We still have the same as before: a strong prediction based on **dx_hpv**.

### Up Sampling

First, create the up-sampled training set.

```{r up_sample}
set.seed(2020)
up_train <- upSample(
  x = data.train[, -ncol(data.train)],
  y = data.train$dx_cancer,
  yname = "dx_cancer"
)
```

Now let's model again:

```{r up_tree, fig.height=4, fig.width=10}
# Learn tree with Gini impurity
tree.gini <- rpart(
  dx_cancer ~ .,
  data = up_train,
  parms = list(split = "gini"),
  method = "class"
)
# Lean tree with information gain
tree.information <- rpart(
  dx_cancer ~ .,
  data = up_train,
  parms = list(split = "information"),
  method = "class"
)
par(mfrow = c(1, 2))
rpart.plot(tree.gini, main = "Gini Index", type = 5)
rpart.plot(tree.information, main = "Information Gain", type = 5)
```

Now we have something interesting. It seems that **dx** became also important for our decision tree.

In the next step we will then evaluate the Decision Tree model and the Random Forest model.

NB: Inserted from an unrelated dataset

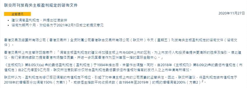 摘要: 27日,港交所在網(wǎng)站刊發(fā)了有關(guān)赴港上市主板公司盈利規(guī)定的咨詢文件。
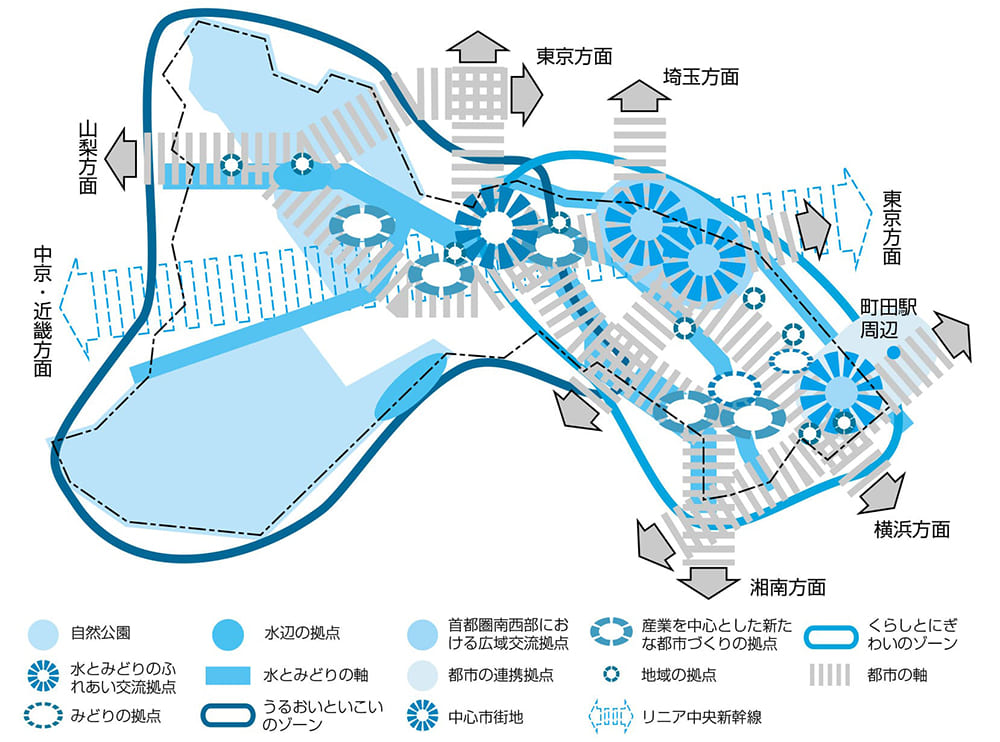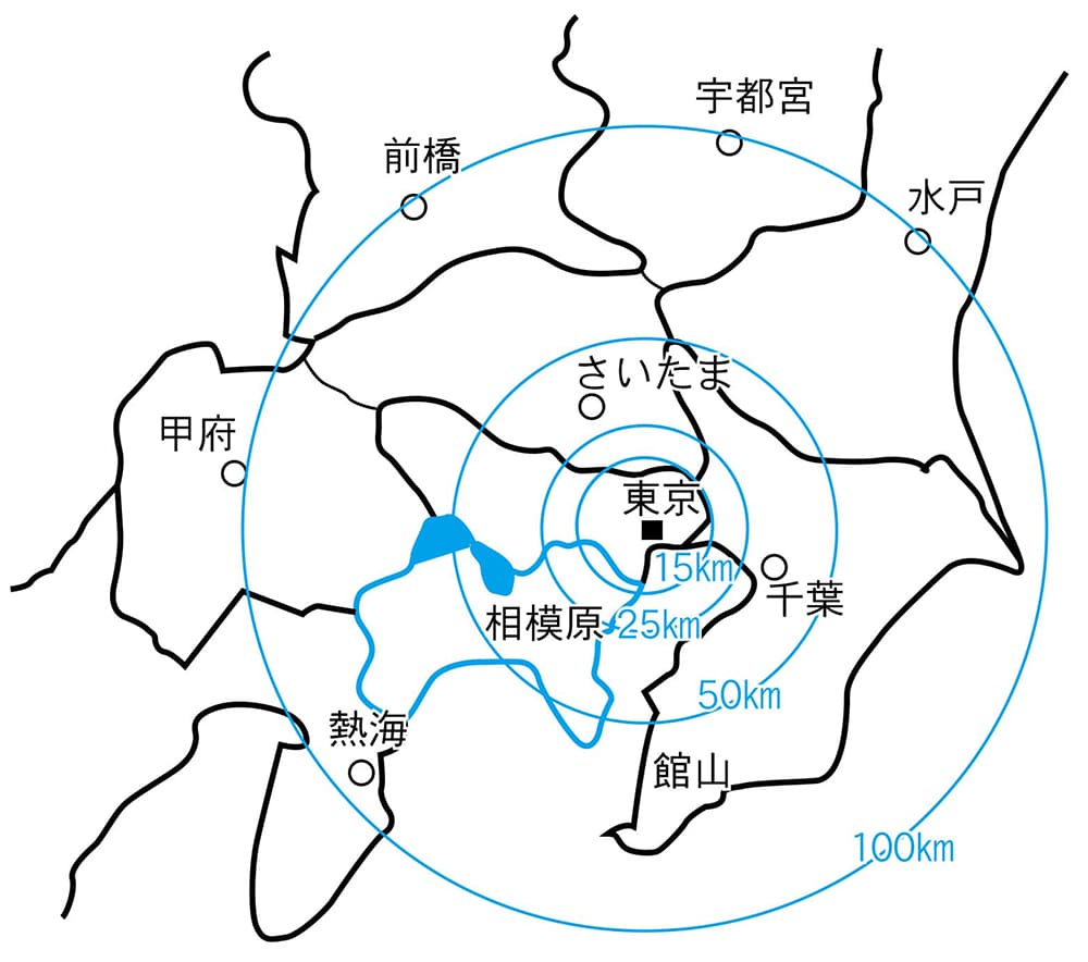 また,相模原市は東京都心からおよそ33〜65㎞のところにあり,首都圏内に位置しています。首都圏は政治・経済・文化などあらゆる都市機能が集中した,日本最大の都市圏です。そのなかで,相模原市は東京の近郊都市として,急速に都市化が進み発展してきました。

## Random Forest and evaluations

First we will compare both models using the down-sampled training data:

```{r down_evaluation, warning=FALSE}
metric <- "ROC"
control <- trainControl(
  method = "LGOCV", p = 0.8, number = 150,
  summaryFunction = twoClassSummary,
  classProbs = T,
  savePredictions = T
)

set.seed(7)
fit.rpart.down <- train(
  dx_cancer ~ .,
  data = down_train,
  method = "rpart",
  metric = metric,
  trControl = control,
  na.action = na.rpart
)
# Random Forest
set.seed(7)
fit.rf.down <- train(
  dx_cancer ~ .,
  data = down_train,
  method = "rf",
  metric = metric,
  trControl = control,
  na.action = randomForest::na.roughfix
)

# Summarize accuracy of models
results <- resamples(list(rpart = fit.rpart.down, rf = fit.rf.down))
summary(results)
plot.roc(as.numeric(fit.rpart.down$pred$obs), as.numeric(fit.rpart.down$pred$pred), main = fit.rpart.down$method, print.auc = T)
plot.roc(as.numeric(fit.rf.down$pred$obs), as.numeric(fit.rf.down$pred$pred), main = fit.rf.down$method, print.auc = T)
# Compare accuracy of models
dotplot(results)
```

```{r up_evaluation, warning=FALSE}
metric <- "ROC"
control <- trainControl(
  method = "LGOCV", p = 0.8, number = 150,
  summaryFunction = twoClassSummary,
  classProbs = T,
  savePredictions = T
)

set.seed(7)
fit.rpart.up <- train(
  dx_cancer ~ .,
  data = up_train,
  method = "rpart",
  metric = metric,
  trControl = control,
  na.action = na.rpart
)
# Random Forest
set.seed(7)
fit.rf.up <- train(
  dx_cancer ~ .,
  data = up_train,
  method = "rf",
  metric = metric,
  trControl = control,
  na.action = randomForest::na.roughfix
)

# Summarize accuracy of models
results <- resamples(list(rpart = fit.rpart.up, rf = fit.rf.up))
summary(results)
plot.roc(as.numeric(fit.rpart.up$pred$obs), as.numeric(fit.rpart.up$pred$pred), main = fit.rpart.up$method, print.auc = T)
plot.roc(as.numeric(fit.rf.up$pred$obs), as.numeric(fit.rf.up$pred$pred), main = fit.rf.up$method, print.auc = T)
# Compare accuracy of models
dotplot(results)
```

## Validation

Now it is time to validate the models using the test set we created from the original dataset:

```{r validation}
# Make predictions
pred.rpart.up <- predict(fit.rpart.up, data.test, na.action = na.rpart)
pred.rpart.down <- predict(fit.rpart.up, data.test, na.action = na.rpart)
pred.rf.up <- predict(fit.rf.up, data.test, na.action = randomForest::na.roughfix)
pred.rf.down <- predict(fit.rf.down, data.test, na.action = randomForest::na.roughfix)

confusionMatrix(pred.rpart.up, data.test$dx_cancer)
confusionMatrix(pred.rpart.down, data.test$dx_cancer)
confusionMatrix(pred.rf.up, data.test$dx_cancer)
confusionMatrix(pred.rf.down, data.test$dx_cancer)
```

We see that all algorithms had similar performances in the validation step. Even augmenting the dataset isn't enough to overcome the inherent problems of this dataset with such heavy class imbalances. I would dare to say that in the validation step, the best result was with down sampling instead of upsampling, since we had fewer false negatives (that is a big problem in diagnostic tests).